"Daha sonra İsa iblis'in denemelerinden geçmek için ruh tarafından çöle götürüldü." (Matta 4:1)
<1>Ruhani gözü açıldıktan sonra, tama guna'nın gücünü aşmak için asıl mücadelesi başladı. Bu yüzden karışık, kontrol edilemeyen aklı sembolize eden çöle götürülmüştü. <2>Karışık bilincinin çölünde, hayatının en büyük savaşına başladı, insanı her türlü çekime, arzulara, bağlanmalara, aç gözlülüğe veya Maya'ya götüren alçak doğaya karşı olan savaşa. <3>Yahya onun gözleri açmıştı ama tama gunanın gücünü aşması gereken İsa'nın kendisi idi.
"Kırk gün kırk gece oruç tuttuktansonra acıktı." (Matta 4:2)
"O zaman Ayartıcı O'na gelip, Yaradan'ın Oğlu isen, söyle de şu taşlar ekmek olsun, dedi." (Matta 4:3)
<4>Vücüttaki birinci psişik merkez (çakra) fiziksel ve korunma (ekmek) ihtiyaçlarına ilişkindir. <5>Bu nedenden ilk deneme kazandığı küçük ruhani güçlerini bu düşük seviye ihtiyaçları toplumdan veya dış dünyadan kazanmaya ayartma yoluyla geldi. Dış dünyada bu ihtiyaçları kazanmak zordu ve bu yüzden dış dünya taş gibidir, "söyle de şu taşlar ekmek olsun".

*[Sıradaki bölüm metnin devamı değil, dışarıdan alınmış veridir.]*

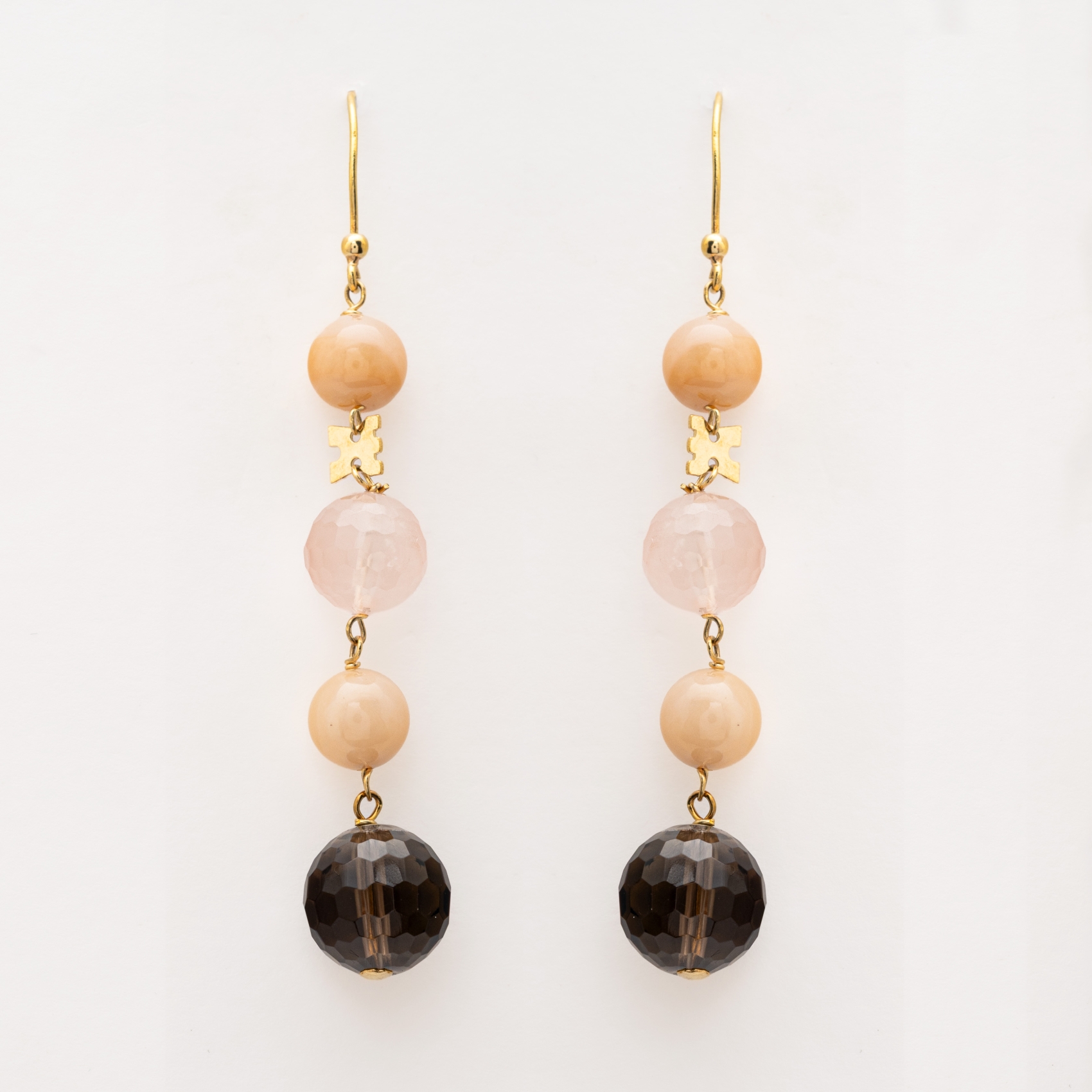 Pendientes largos en oro con cuentas circulares en cuarzo rosa de 8 – 10 mm y cuarzo fumé de 10 mm.
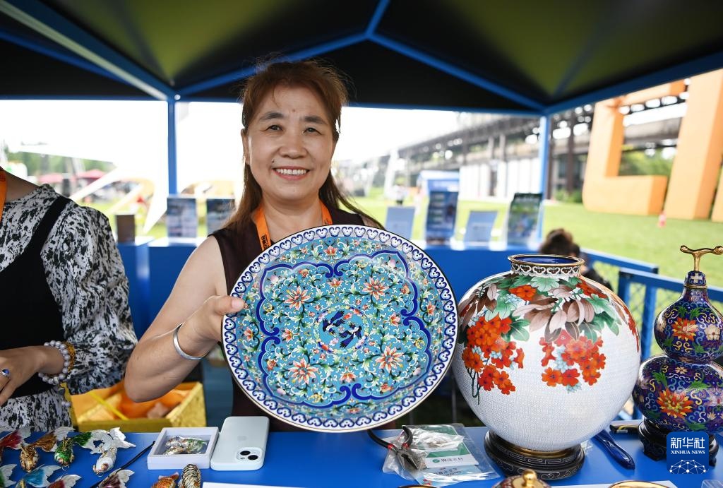 9月11日,在文旅服务专题展区,景泰蓝传统手工制作技艺传承人何爱莲展示作品“五福如意盘”。
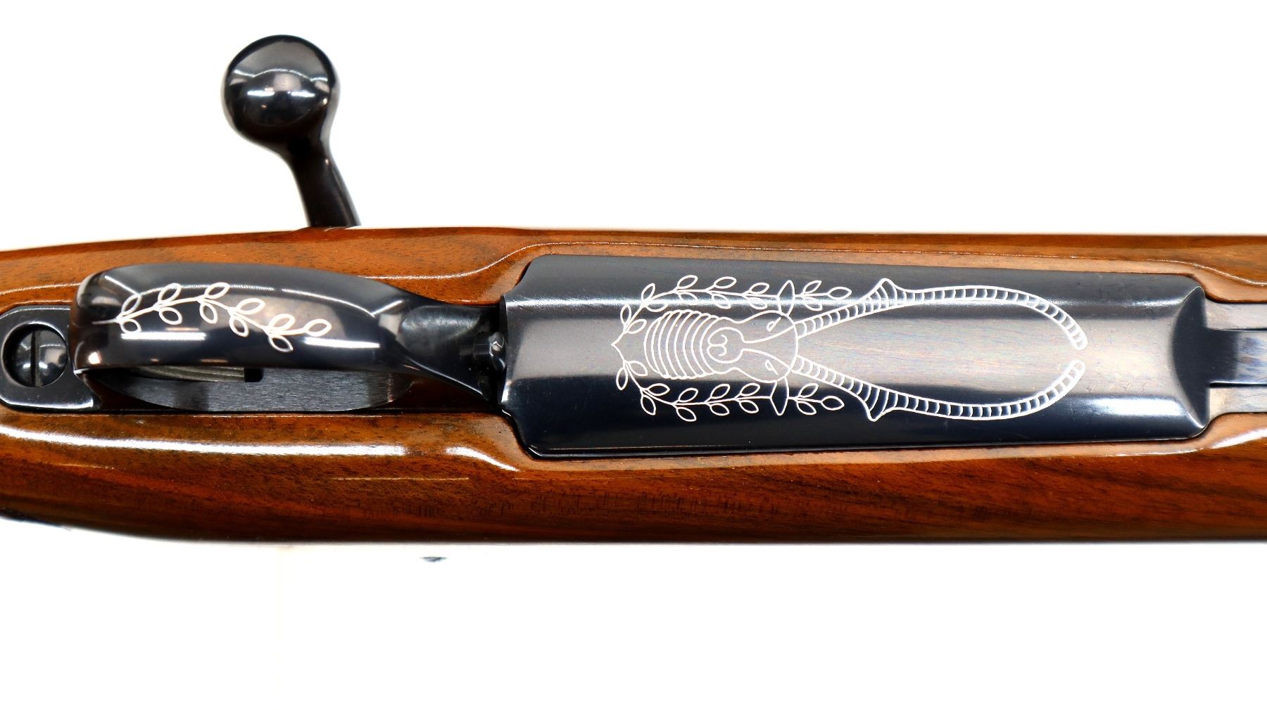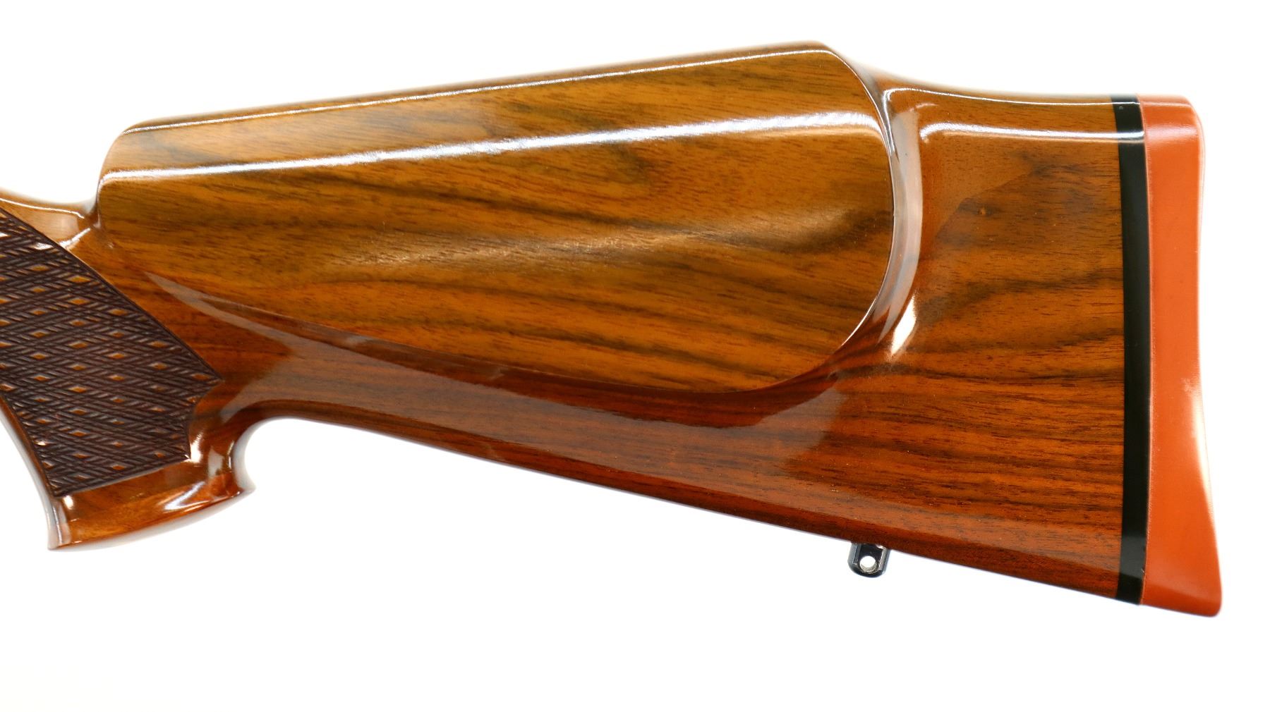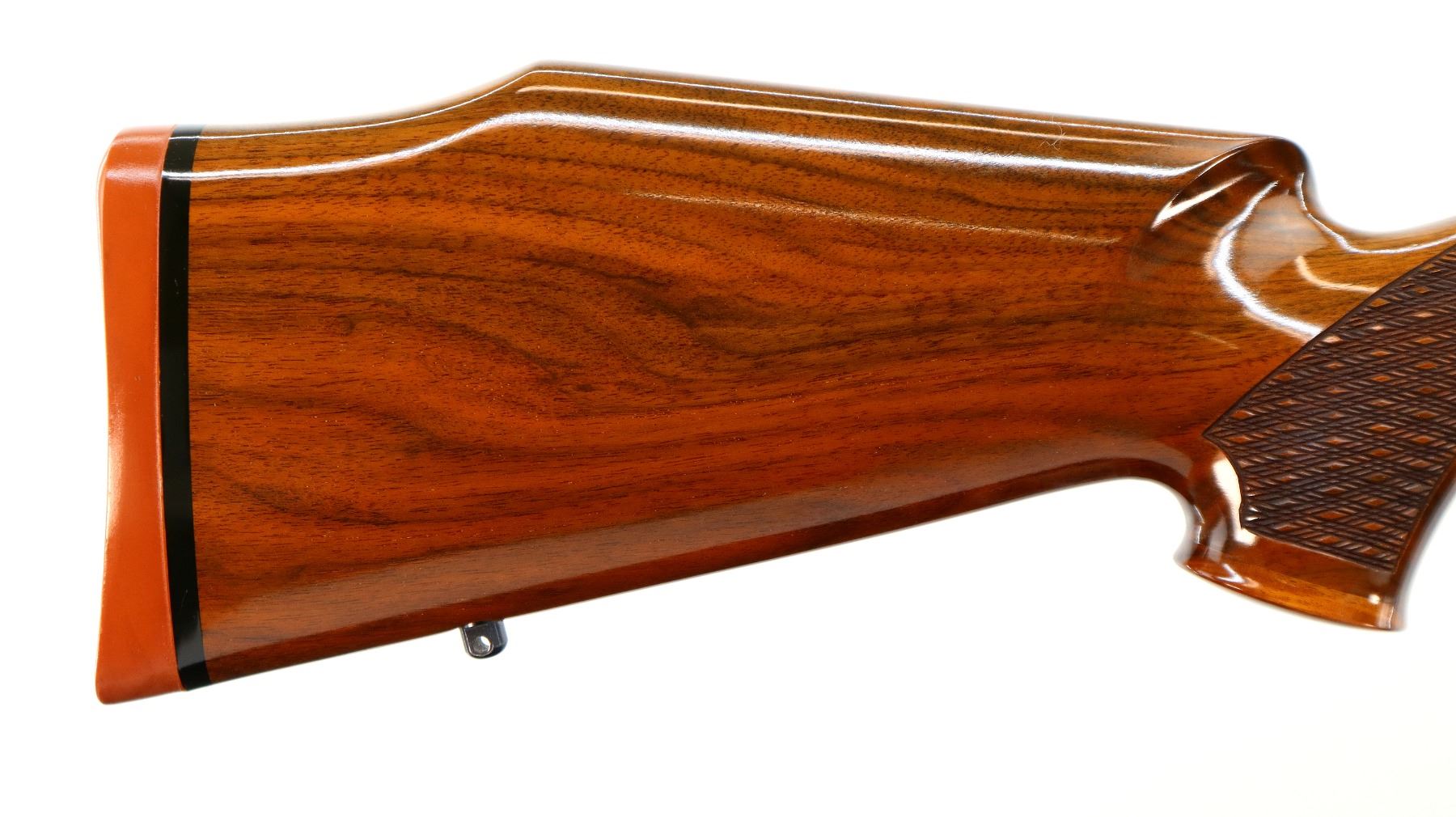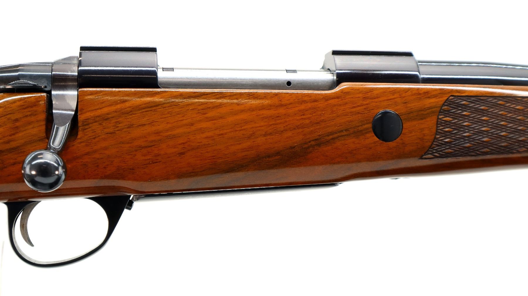 Main Description: No sights, polish blued finish, tapered round barrel, receiver has integral scope bases, smooth bolt knob. One piece gloss finish wood stock, Rosewood forend and pistol grip caps, checkered forearm and pistol grip with right hand palm swell, cheek rest, red rubber recoil pad, engraved, steel hinged floor plate and trigger guard, swivel studs.
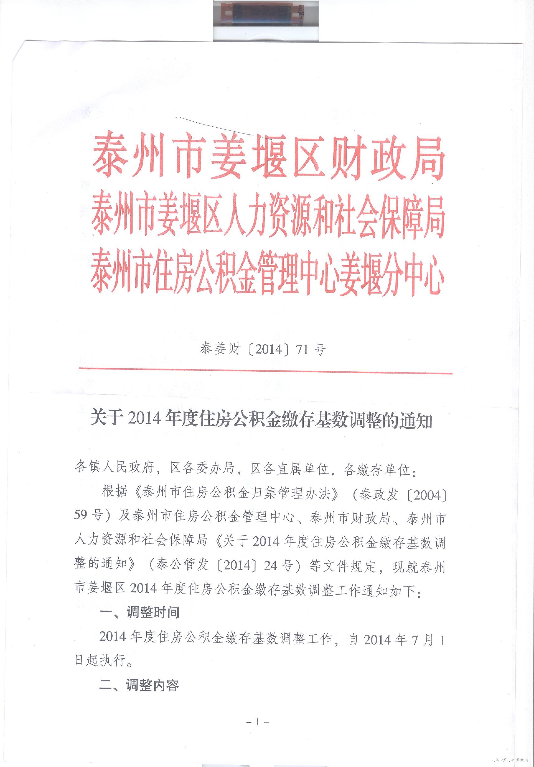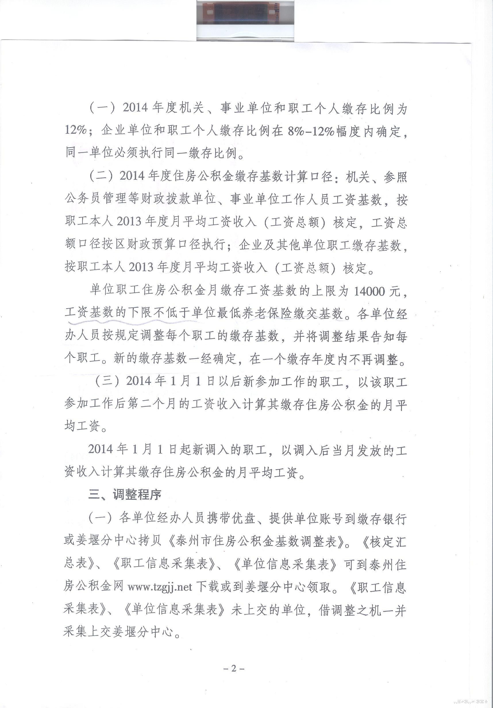关于2014年度住房公积金缴存基数调整的通知

<6>"Kırk gün kırk gece oruç tuttu cümlesi" sadece ekmek için didiniyor olmanın bir ayartma olduğunu fark etmeden önce uzun bir zaman (kırk gün ve kırk gece) büyük bir saflaştırma sürecinden geçtiğni gösterir.
"Fakat o şu cevabı verdi: Kutsal Yazılarda, İnsan yalnız ekmekle değil, Yaradan'ın ağzından çıkan her sözle yaşar, diye yazılmıştır." (Matta 4:4)
<7>Ayrıca o bir Avatar (Saf Bilinçten vücade gelen) olarak doğduğundan hayatın amacının İlahi ol(mak) olduğunu çok iyi hatırlamıştı ve bu amaca ulaşmanın yollarından biri de Yaradan'ın ağzından çıkan her sözle yaşamaktır. O'nun Niyetini izleyen için gerekli olanlar sağlanacaktır.
<8>Yanlızca ekmek için (fiziksel ve korunma ihtiyaçları) yaşayan bir insan kendisinin ilk chakrasına bağlıdır ve dünyaya doğru yönelen olmayı aşamaz.
"Sonra iblis O'nu kutsal kente götürdü.Tapınağın tepesine çıkardı," (Matta 4:5)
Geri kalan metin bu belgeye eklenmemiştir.